[Stored data entries]
____________

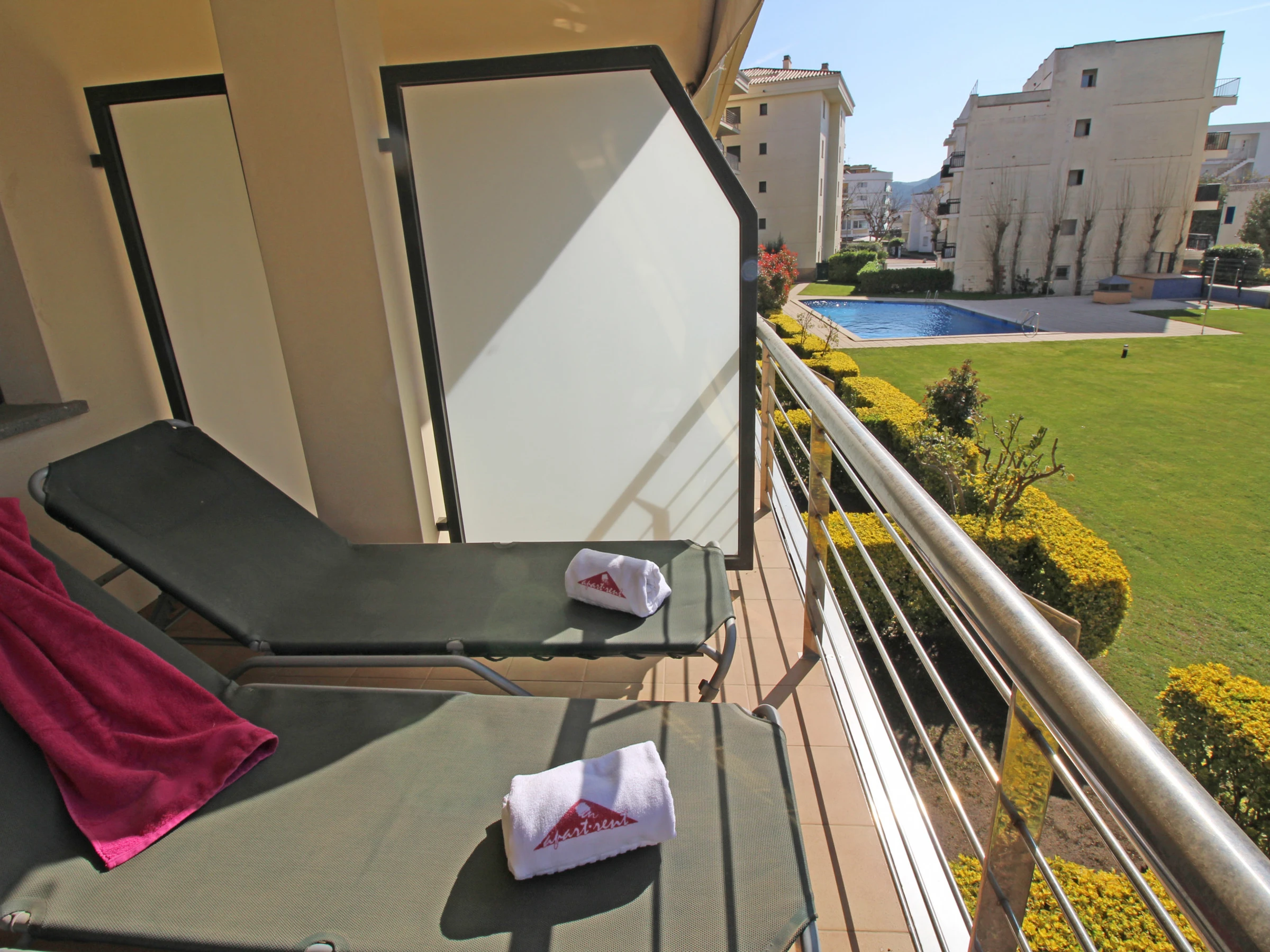 The apartment in Rosas / Roses has 1 bedroom and has capacity for 4 people. The apartment is comfortable, has an exterior, and  is 59 m².  It has views of the swimming pool. The property is located  150 m from the sand beach,  200 m from the from the restaurant,  1 km from the supermarket,  2 km from Aquabrava water park,  26 km from Peralada golf course,  30 km from Ave/Tgv Figueres train station,  70 km from Girona airport. The house is situated in a family-friendly neighborhood close to a shopping area and [hidden] accommodation is equipped with the following items: lift, garden furniture, terrace, washing machine, iron, internet (Wi-Fi), central heating, air conditioning throughout the house, communal swimming pool, covered parking the same building, [hidden] the hotplate of glass ceramics open plan kitchen, refrigerator, microwave, oven, dishwasher, dishes/cutlery, kitchen utensils, coffee machine and toaster are provided.
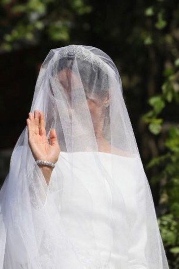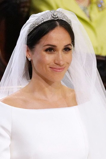 Голову Меган Маркл украшала бриллиантовая тиара, которая ранее принадлежала королеве Марии Текской, бабушке королевы Елизаветы II, а также фата Givenchy. Вышивка на фате символически показывает цветы пятидесяти трех стран Британского Содружества.
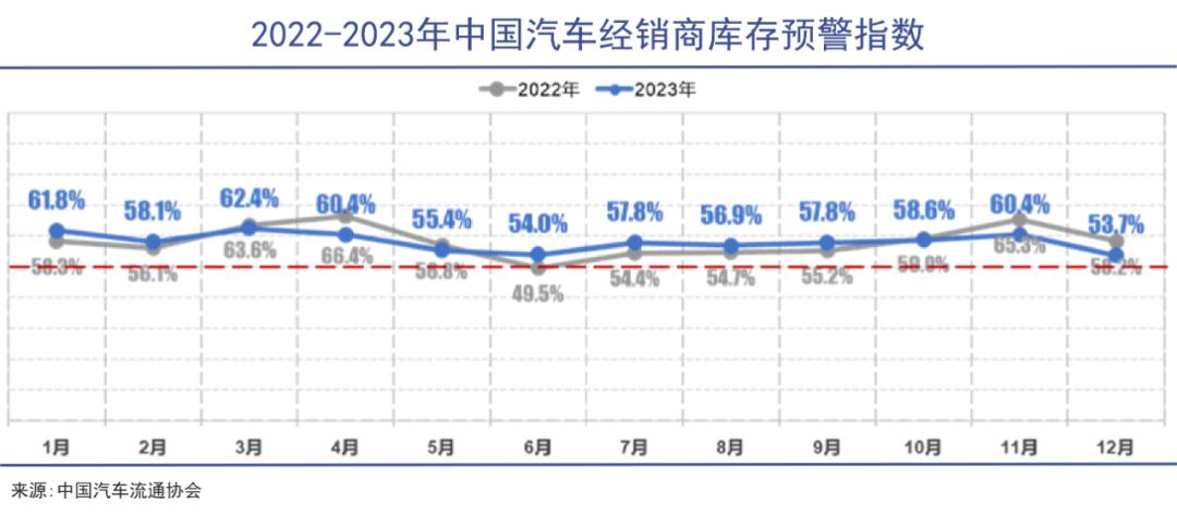 中国汽车经销商库存预警指数在2023年末短暂下行后,到今年1月又重新回到59.9%的历史高位,环比上升6.8个百分点。
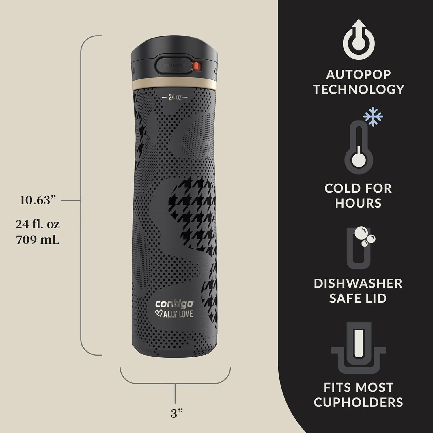 Contigo x Ally Love Jackson Chill 2.0, Stainless Steel, Spill Proof Water Bottle with AutoPop Lid, BPA Free, 24oz, Licorice
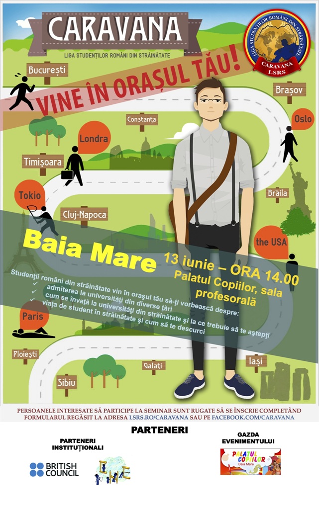 Caravana LSRS sosește în Baia Mare în data de 13 iunie 2014. Voluntari, membri și colaboratori LSRS, în calitate de moderatori, vin să se întâlnească cu tinerii interesaţi de studiile în străinătate. Seminarul va avea loc vineri, 13 iunie 2014, ora 14.00, în Sala profesorală a Palatului Copiilor.
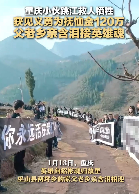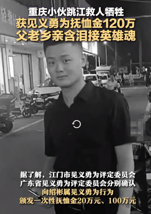 之所以会出现这样的情况,是因为在广东他救助一位落水的亲生女子,不幸丢掉了自己的性命。 这名小伙的名字叫向绍彬。 根据《红星新闻》2025年1月13日的消息 如今向绍彬的英魂已经被送往他的老家重庆。 家人看到他的遗像,泪流满面,差点哭晕过去。 而他也被广东江门和广东省分别评为见义勇为英雄,一次性给他的家属发放了20万和100万的补偿,合计120万。 但是,120万却永远救不回这个年轻的生命。 因为人都死了,这120万有什么用呢? 除了能改善一下小伙家人的生活状况,实际上起不了太大的用。 咱们农村有一句话说得很好:“人都死了,要钱有什么用?” 事实上也正是如此。 哪怕不要这120万,我相信向绍彬的家人也希望他能活着回来。 我想说的是,那些轻生的人,请你们在做选择的时候,一定要好好想一想,难道自己非要走到这一步吗? 你不珍惜自己的生命,但是别人在乎,哪怕一个陌生人都知道拼着自己的性命把你救起来,难道你自己都没有想过要让自己好好地活下来吗? 人生来皆苦,但是如果慢慢地走过去,等到自己年老的时候,或许就会发现实际上哪有那么多的痛苦,真正熬过去之后也只是一切随风而已。 这里希望不管是那位落水的女子还是未来因生活琐事想要轻生的人,都请你们要珍惜自己的生命,不要给自己的家人添麻烦,也不要给别人添麻烦。 也许你跳进河里觉得非常痛快,但是救你的人如果因你而死,他们的家属却要经历难以言喻的痛苦,而且这种痛苦需要持续很多年,才能把伤痛彻底掩埋。
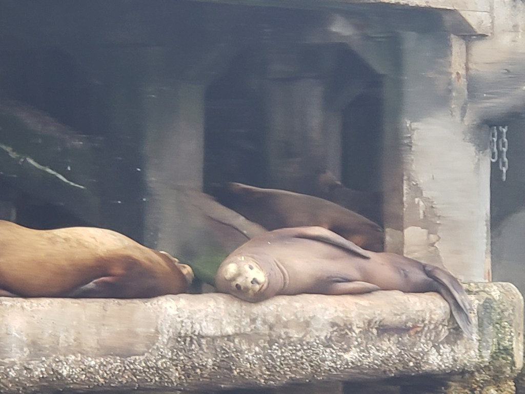 The surrounding area was covered in seals. Seals were everywhere humans weren’t, resting on the lower docks, the rocky sea barrier, and welcomed us with a choir of barks and squeals. They were fascinating to watch as we made our way out to sea. After leaving the dock area, we made our way into whale territory, where the whales breached the water during their migration. The boats cautiously circled the busy waters, getting close enough for great pictures, but not close enough to hurt the whales.
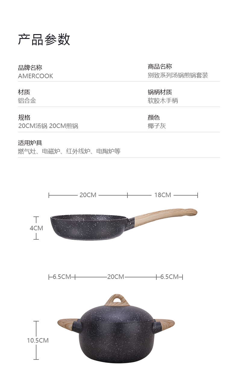 AMERCOOK阿米尔AC0112344.20WE大球锅套装Ø20*9.5cm(单位:套) 深灰色
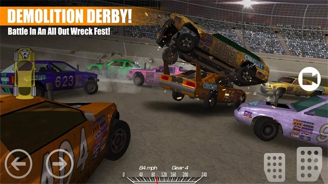 冲撞赛车2是该系列的第二部作品,英文名称为Demolition Derby 2。游戏里玩家能不受任何规则限制地自由驾车,核心目标就是撞毁其他车辆!每次撞击都会在车身留下凹痕之类的损伤痕迹,严重时还会造成车门脱落、引擎冒烟等效果。这种极具冲击力的视觉表现,能让玩家获得更强的沉浸感,非常值得尝试体验!
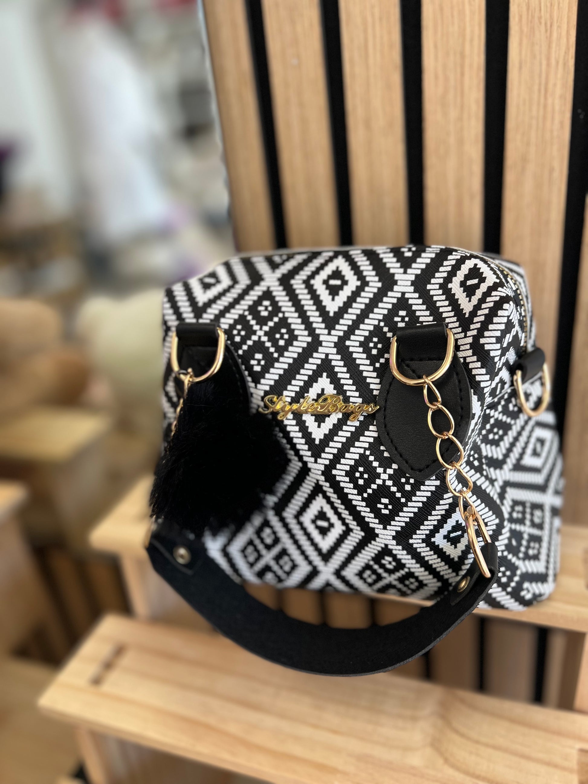 Sac élégant décoré d’un pompon, pour un look à la fois fun et sophistiqué. Vendu avec sa bandoulière.
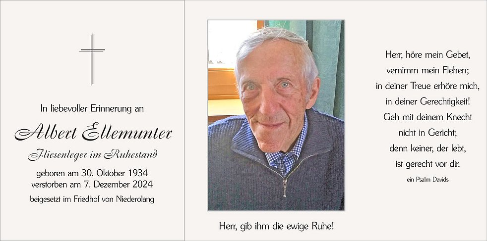 Unser Albert ist ab Mittwochnachmittag in der Pfarrkirche von Niederolang aufgebahrt.
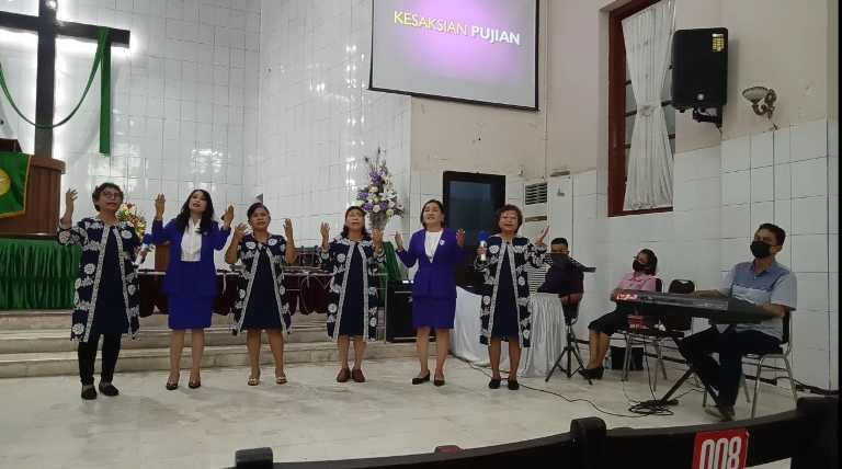 Paduan Suara Pelayanan Kategorial Perempuan (PKP) Sektor Pelayanan 6 GPIB Immanuel Makassar menyanyikan pujian pada hari ulang tahun PKP GPIB di Gereja GPIB Immanuel Makassar Jl. Balaikota Makassar, Jumat 11 Februari 2022.
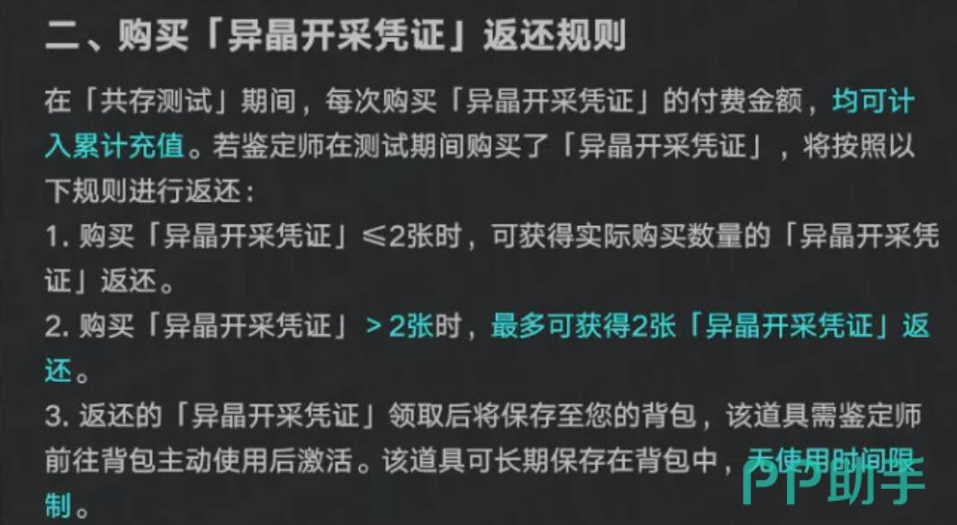 “异晶开采凭证”即玩家所称的异环通行证。该凭证在返还时采取“现金充值+对应道具”同步结算的方式。所有测试期间购买通行证所支付的金额,均计入玩家累计充值总额,并依据异晶返还标准统一换算。关于道具返还:每位账号最多可获得2张通行证返还;若购买数量为1张,则返还1张;购买3张及以上,仍仅返还1张。返还所得通行证将直接发放至角色背包,无存放时限限制,但激活后有效期为30天,激活后即可完整解锁全部权益。
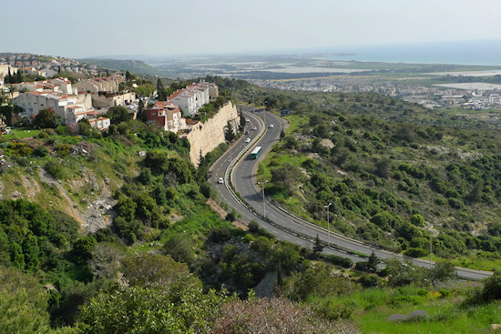 The path leads you to a traffic circle from which you start to go up Schecter St. On the right is a contemporary-looking house that incorporates elements of steel. Afterwards, on the right is house with wooden walls that appears unconnected to this place. Opposite you see the terraced structures so typical of construction on the city’s slopes, in this case, a northern tributary of wadi Ahuza. After the wooden house, turn right to a narrow paved road – you are now going behind the houses you passed earlier. The road runs into a path and turns left to Lahish St., which you follow to the meeting point of Vitkin St., one of the most pleasant streets in the Carmel.

____________

Make an exact copy of the records shown above, without the pictures.

_SOLUTION FOR THIS PROBLEM_
 The apartment in Rosas / Roses has 1 bedroom and has capacity for 4 people. The apartment is comfortable, has an exterior, and  is 59 m².  It has views of the swimming pool. The property is located  150 m from the sand beach,  200 m from the from the restaurant,  1 km from the supermarket,  2 km from Aquabrava water park,  26 km from Peralada golf course,  30 km from Ave/Tgv Figueres train station,  70 km from Girona airport. The house is situated in a family-friendly neighborhood close to a shopping area and [hidden] accommodation is equipped with the following items: lift, garden furniture, terrace, washing machine, iron, internet (Wi-Fi), central heating, air conditioning throughout the house, communal swimming pool, covered parking the same building, [hidden] the hotplate of glass ceramics open plan kitchen, refrigerator, microwave, oven, dishwasher, dishes/cutlery, kitchen utensils, coffee machine and toaster are provided.
 Голову Меган Маркл украшала бриллиантовая тиара, которая ранее принадлежала королеве Марии Текской, бабушке королевы Елизаветы II, а также фата Givenchy. Вышивка на фате символически показывает цветы пятидесяти трех стран Британского Содружества.
 中国汽车经销商库存预警指数在2023年末短暂下行后,到今年1月又重新回到59.9%的历史高位,环比上升6.8个百分点。
 Contigo x Ally Love Jackson Chill 2.0, Stainless Steel, Spill Proof Water Bottle with AutoPop Lid, BPA Free, 24oz, Licorice
 Caravana LSRS sosește în Baia Mare în data de 13 iunie 2014. Voluntari, membri și colaboratori LSRS, în calitate de moderatori, vin să se întâlnească cu tinerii interesaţi de studiile în străinătate. Seminarul va avea loc vineri, 13 iunie 2014, ora 14.00, în Sala profesorală a Palatului Copiilor.
 之所以会出现这样的情况,是因为在广东他救助一位落水的亲生女子,不幸丢掉了自己的性命。 这名小伙的名字叫向绍彬。 根据《红星新闻》2025年1月13日的消息 如今向绍彬的英魂已经被送往他的老家重庆。 家人看到他的遗像,泪流满面,差点哭晕过去。 而他也被广东江门和广东省分别评为见义勇为英雄,一次性给他的家属发放了20万和100万的补偿,合计120万。 但是,120万却永远救不回这个年轻的生命。 因为人都死了,这120万有什么用呢? 除了能改善一下小伙家人的生活状况,实际上起不了太大的用。 咱们农村有一句话说得很好:“人都死了,要钱有什么用?” 事实上也正是如此。 哪怕不要这120万,我相信向绍彬的家人也希望他能活着回来。 我想说的是,那些轻生的人,请你们在做选择的时候,一定要好好想一想,难道自己非要走到这一步吗? 你不珍惜自己的生命,但是别人在乎,哪怕一个陌生人都知道拼着自己的性命把你救起来,难道你自己都没有想过要让自己好好地活下来吗? 人生来皆苦,但是如果慢慢地走过去,等到自己年老的时候,或许就会发现实际上哪有那么多的痛苦,真正熬过去之后也只是一切随风而已。 这里希望不管是那位落水的女子还是未来因生活琐事想要轻生的人,都请你们要珍惜自己的生命,不要给自己的家人添麻烦,也不要给别人添麻烦。 也许你跳进河里觉得非常痛快,但是救你的人如果因你而死,他们的家属却要经历难以言喻的痛苦,而且这种痛苦需要持续很多年,才能把伤痛彻底掩埋。
 The surrounding area was covered in seals. Seals were everywhere humans weren’t, resting on the lower docks, the rocky sea barrier, and welcomed us with a choir of barks and squeals. They were fascinating to watch as we made our way out to sea. After leaving the dock area, we made our way into whale territory, where the whales breached the water during their migration. The boats cautiously circled the busy waters, getting close enough for great pictures, but not close enough to hurt the whales.
 AMERCOOK阿米尔AC0112344.20WE大球锅套装Ø20*9.5cm(单位:套) 深灰色
 冲撞赛车2是该系列的第二部作品,英文名称为Demolition Derby 2。游戏里玩家能不受任何规则限制地自由驾车,核心目标就是撞毁其他车辆!每次撞击都会在车身留下凹痕之类的损伤痕迹,严重时还会造成车门脱落、引擎冒烟等效果。这种极具冲击力的视觉表现,能让玩家获得更强的沉浸感,非常值得尝试体验!
 Sac élégant décoré d’un pompon, pour un look à la fois fun et sophistiqué. Vendu avec sa bandoulière.
 Unser Albert ist ab Mittwochnachmittag in der Pfarrkirche von Niederolang aufgebahrt.
 Paduan Suara Pelayanan Kategorial Perempuan (PKP) Sektor Pelayanan 6 GPIB Immanuel Makassar menyanyikan pujian pada hari ulang tahun PKP GPIB di Gereja GPIB Immanuel Makassar Jl. Balaikota Makassar, Jumat 11 Februari 2022.
 “异晶开采凭证”即玩家所称的异环通行证。该凭证在返还时采取“现金充值+对应道具”同步结算的方式。所有测试期间购买通行证所支付的金额,均计入玩家累计充值总额,并依据异晶返还标准统一换算。关于道具返还:每位账号最多可获得2张通行证返还;若购买数量为1张,则返还1张;购买3张及以上,仍仅返还1张。返还所得通行证将直接发放至角色背包,无存放时限限制,但激活后有效期为30天,激活后即可完整解锁全部权益。
 The path leads you to a traffic circle from which you start to go up Schecter St. On the right is a contemporary-looking house that incorporates elements of steel. Afterwards, on the right is house with wooden walls that appears unconnected to this place. Opposite you see the terraced structures so typical of construction on the city’s slopes, in this case, a northern tributary of wadi Ahuza. After the wooden house, turn right to a narrow paved road – you are now going behind the houses you passed earlier. The road runs into a path and turns left to Lahish St., which you follow to the meeting point of Vitkin St., one of the most pleasant streets in the Carmel.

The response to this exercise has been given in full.